The figure illustrates a comprehensive dataset structure designed to evaluate diverse tasks across
multiple domains. The dataset spans a wide range of categories, including mathematical and logical
reasoning (e.g., MathVista with 231 samples and
LogicVista with 158 samples),
scientific reasoning (e.g., Science-QA with 83
samples), and visual perception
(e.g., Blink-IQ-Test with 35 samples).
Additionally, it includes specialized
areas such as medical imaging (e.g., MMMU-Medical
with 29 samples), cultural and
social understanding (e.g., ALM-Bench with 104
samples), and document understanding through OCR (e.g., Doc-VQA with 61
samples). By integrating tasks like chart and diagram comprehension (e.g., Chart-VQA with 107 samples), our dataset not only
covers a broad spectrum of real-world applications but also expand
LMM's ability to reason, perceive, and interpret complex multimodal information.

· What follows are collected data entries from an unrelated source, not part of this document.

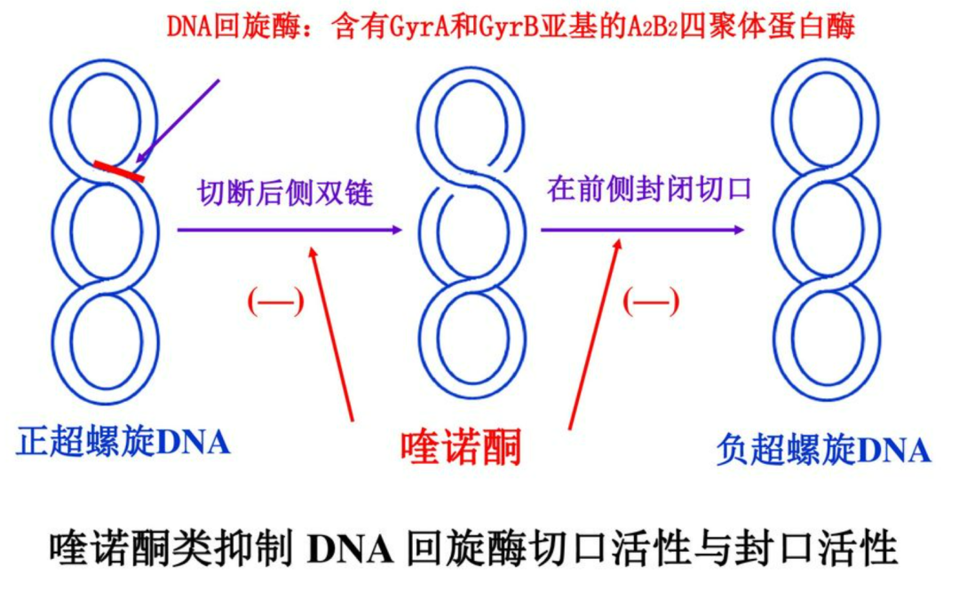 由于喹诺酮类药物抑制了DNA回旋酶活性,导致新复制出来的细菌DNA不能拧成稳定的麻花状态进入下一轮复制,从而起到抗菌的作用。
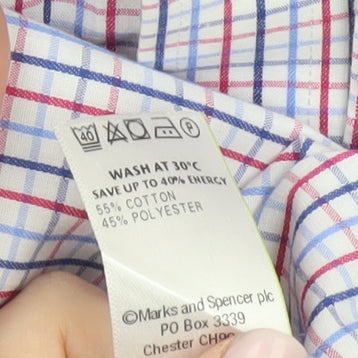 Upgrade your wardrobe with this versatile Marks and Spencer Men's Check Shirt. Crafted from a comfortable blend of 55% Cotton and 45% Polyester, this shirt is part of the well-regarded M&S Collection, known for its durability and easy-care properties. Featuring a regular fit and short sleeves, it's perfect for the warmer days of Spring and Summer. The attractive multicoloured check pattern adds a stylish touch to your casual attire, while the button-down collar maintains a polished look. With its machine washable convenience and easy iron feature, this shirt is designed to fit seamlessly into your everyday routine. Ideal for a casual outing or a relaxed workplace setting, this shirt embodies a blend of comfort and style. Don't miss the chance to add this garment to your collection.
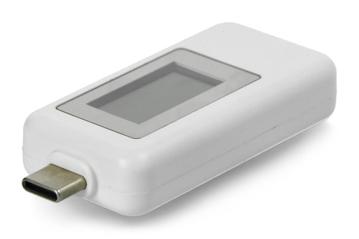 Miernik USB w kolorze białym, przeznaczony jest do testowania gniazd USB typu C. Wyposażony jest w mały, ale czytelny ekran LCD, który wyświetla napięcie, natężenie prądu, pojemność, czas pracy, temperaturę wewnętrzną i moc. Urządzenie wspiera Quick Charge 2.0 i 3.0. Posiada przycisk Reset.
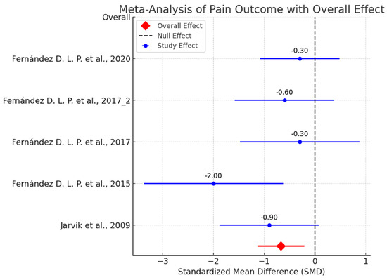 Overall, manual therapy appeared to offer superior short-term pain relief compared with surgery, but the long-term outcomes (12 months and beyond) showed no significant difference between the two interventions. A meta-analysis was conducted to compare the effects of manual therapy versus surgery on pain reduction across the included studies. The combined effect size (Standardized Mean Difference (SMD)) was −0.67 (95% CI: −1.12 to −0.22), indicating a significant reduction in pain, favoring manual therapy. The forest plot in Figure 2 illustrates the individual and overall effects across the studies (Figure 2).
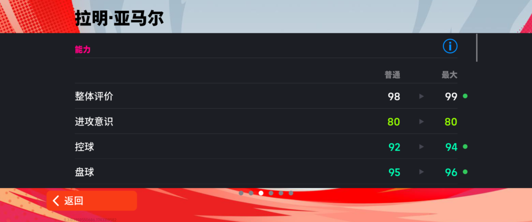 亚马尔增能属性为【护球 +2】
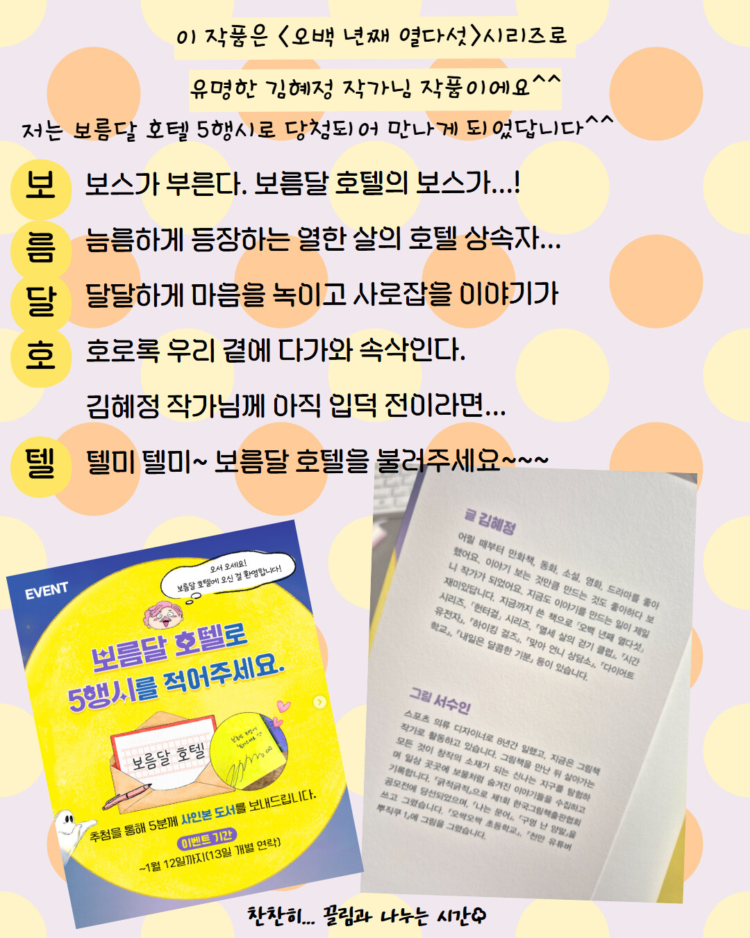 때마침 보름달 호텔로 5행시를 해서 그 덕에 선물로 먼저 받아 보게 되었어요!
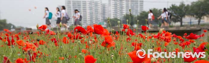 (음성=포커스뉴스) 26일 충북 음성군 음성읍 음성천변 일원에 양귀비가 만개해 있다.
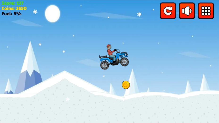 Vivez le frisson de Courses de CĂŽte d'Hiver pendant que vous manĆuvrez votre vĂ©hicule sur des collines intimidantes et des terrains difficiles. Le paysage hivernal captivant prĂ©sente des flocons de neige scintillants et des dĂ©cors confortables, tandis que les divers choix de vĂ©hicules â des voitures de sport aux supercars â promettent une expĂ©rience de conduite unique! AmĂ©liorez vos compĂ©tences en faisant la course contre le temps et les limites de carburant.
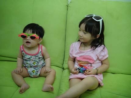 比酷~比炫~兩人墨鏡...超級比一比!瞧....小妞妞開心到嘴巴合不起來呢~SO Q
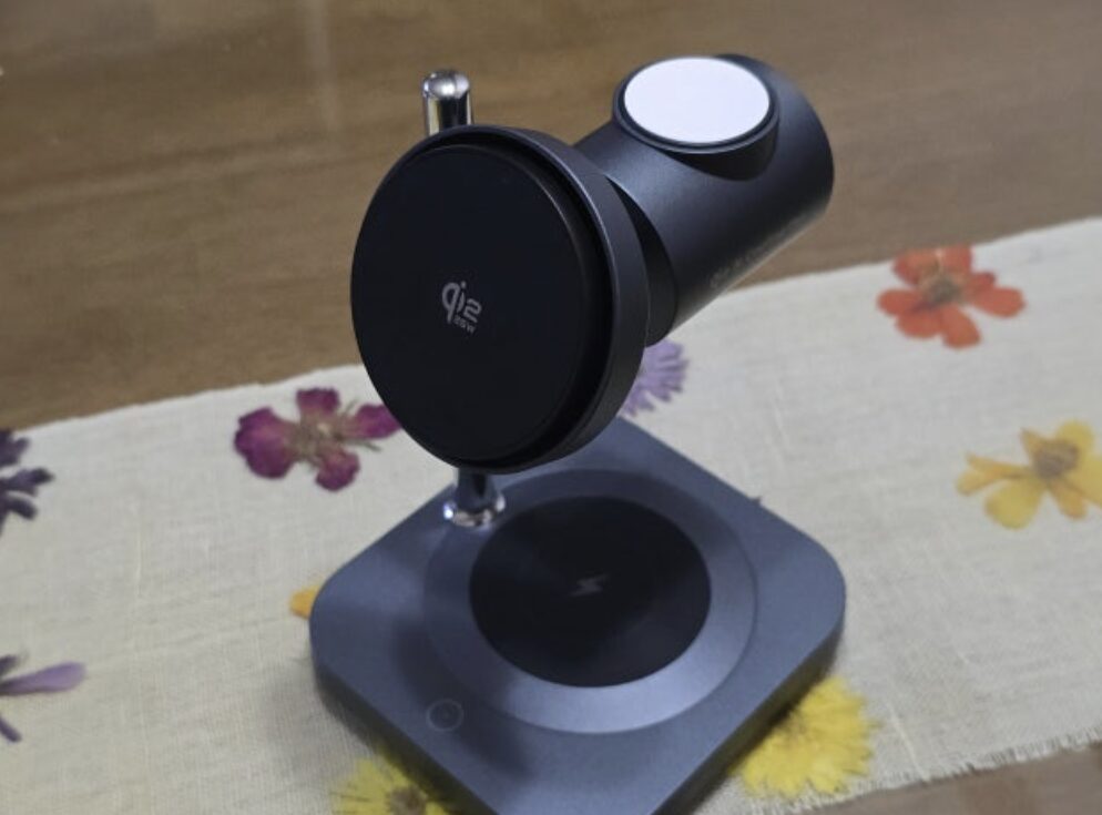 책상 위에 널브러진 케이블들 때문에 스트레스받았던 분들이라면 이 제품이 정답이에요. 스마트폰, 스마트워치, 이어폰까지 3가지 기기를 한 번에 충전할 수 있는 3in1 솔루션이기 때문입니다. 특히 스마트워치 충전 패드가 애플워치와 갤럭시워치를 모두 지원하는 통합형이라서 정말 편했어요. 집에 애플 제품과 삼성 제품이 섞여 있어도 이 스탠드 하나면 해결되니까요. N52 등급의 강력한 자석이 스마트폰을 착 하고 고정해 주니 위치를 맞추느라 고생할 필요도 없어서 편리했습니다.
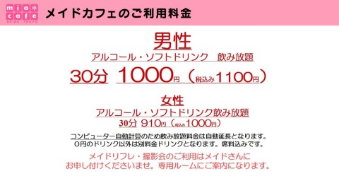 営業時間 12:00〜22:00(最終受付21:20) 定休日 不定休 深夜営業については、公式ページ右上の深夜営業日案内を ご覧ください(金曜・土曜日を中心に深夜営業予定)。 深夜営業対象日 22:00〜翌朝5:00(最終受付 翌朝4:20) http://market.chu.jp/schedule1/sche37.cgi ミアグループ総合スケジュール(PC&スマホ) http://market.chu.jp/schedule1/sche37.cgi?dm=1 ミアグループ総合スケジュール(ガラケー) 告知日のみ営業となります。告知日以外は深夜営業いたしておりません。

The right chart also presents a comparative evaluation of large multimodal models (LMMs) on the
VRC-Bench, highlighting both final
answer accuracy and step-by-step reasoning scores. The bar chart on the right demonstrates the
performance of various models, such as GPT-4o,
Gemini-2.0-Flash, Claude-3.5-Sonnet, and Llava-CoT, in handling complex reasoning tasks. Our
benchmark evaluates models not only on their
ability to generate accurate final answers but also on the coherence and logical flow of their
reasoning steps. Our approach, LlamaV-o1,
outperforms GPT-4o-mini, Gemini-1.5-Flash and Llava-CoT in the VRC-Bench, achieving
superior results in final answer accuracy
across complex multimodal reasoning tasks.